To be clear, Amy is larger than the Hollywood ideal, and that has affected her career, and that’s bullshit. But the undeniable truth is that she’s relatively thin, as well as white, blonde, traditionally “pretty,” currently able-bodied, cisgender, heterosexual, and thus fulfilling most of the beauty stereotypes. Sure, she’s not a size zero, but that doesn’t make it okay for her to slip the identity of fatness on and off like a fatsuit in a way that suits her career goals. 

But even if we pretend that Amy could pass for “fat” and/or “ugly” by some definition, we’re still left with a hot mess of fatphobic bullshit.

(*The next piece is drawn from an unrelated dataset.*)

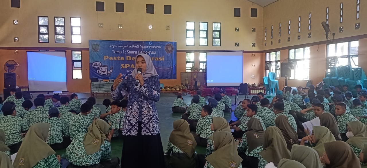 Komisi Pemilihan Umum (KPU) Kabupaten Pasuruan hadir sebagai Narasumber pada kegiatan Proyek Penguatan Profil Pelajar Pancasila di Unit Pelaksana Teknis (UPT) Satuan Pendidikan SMPN 1 Pandaan dengan tema "Suara Demokrasi”. Rabu, (30/08/2023) yang bertempat di SMPN 1 Pandaan Jl. Raya Kebonwaris 17 Pandaan.

This entire movie is built on tropes that reinforce fatphobia, regardless of the intent. The “comedy” of this movie is based on the idea that it’s hilarious that a fat woman would have confidence. 

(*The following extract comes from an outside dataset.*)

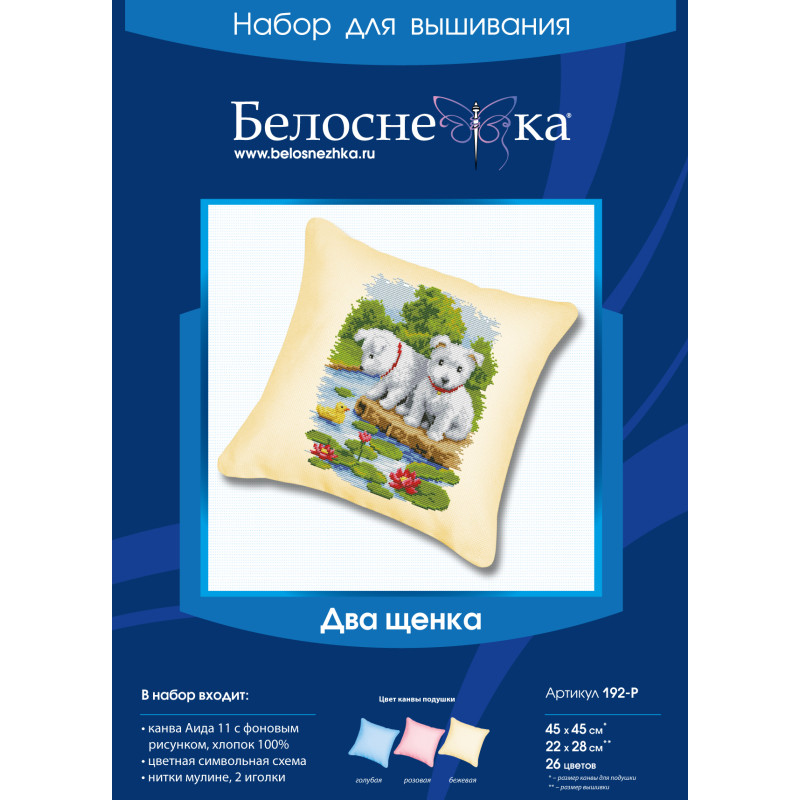 Сюжет вышивается в 3 нити полным счетным крестом и строчным стежком. Набор комплектуются качественной цветной канвой 11 СТ с обработанными от осыпания краями. Нитки для вышивания мулине из 100% хлопка, разобраны по цветам и размещены на бумажном органайзере. Также в комплект входит оборотная сторона наволочки голубого цвета, выполнена из х/б ткани со вшитой молнией. Схема четкая с контрастными обозначениями, напечатана на мелованной бумаге. На упаковке дана вся необходимая информация: фактический размер вышитой картины, количество крестиков и цветов мулине, автор сюжета и дизайнер схемы.

There’s the predictable slow-mo dancing (with her small stomach jiggling). There’s the stereotypically attractive guy who is utterly baffled that she would think he was hitting on her. The idea that a fat woman can be confident and capable is apparently a laugh riot. 

Which brings us to the premise of the movie, which digs back into the old Shallow Hal well, suggesting that the very idea that a fat woman can be attractive must be based on delusion. In Shallow Hal, it was the man who was delusional, in this case, it’s the fat woman’s delusion.

Maybe I would find this funnier if I wasn’t bombarded by Internet trolls who insist that I’m delusional because I am an actual fat woman with confidence.

Maybe I would find it funnier if it wasn’t constantly suggested by those same trolls that anyone who finds me attractive must also be delusional. Maybe I would find it funnier if this wasn’t ableist AF. Or maybe not. 

I’ve not seen the movie so maybe it will be better than I think, but I’m already giving it the benefit of the doubt that at the end she realizes that she could have been confident at her size all along. Of course, if that’s the case, we have the ridiculous notion, all too often leveled at actual fat people, that fatphobia can be overcome with confidence and a can-do attitude. Unfortunately, all the confidence in the world can’t help us overcome things like fat-shaming, prejudice in the workplace, having to fight fatphobic doctors for necessary medical care, difficulty finding clothes in our size, paying fat tax at the salon, or the notion that airlines should get to be the arbiters of how large a human ass is allowed to be before they charge us double for the same service. Give me a movie where instead of a fat women finding the confidence that was stolen by fatphobia, fatphobes get their shit together.

Regardless, I’m not sure there’s an ending that can help make this anything other than a movie length fat joke, told by someone who is co-opting fat identity.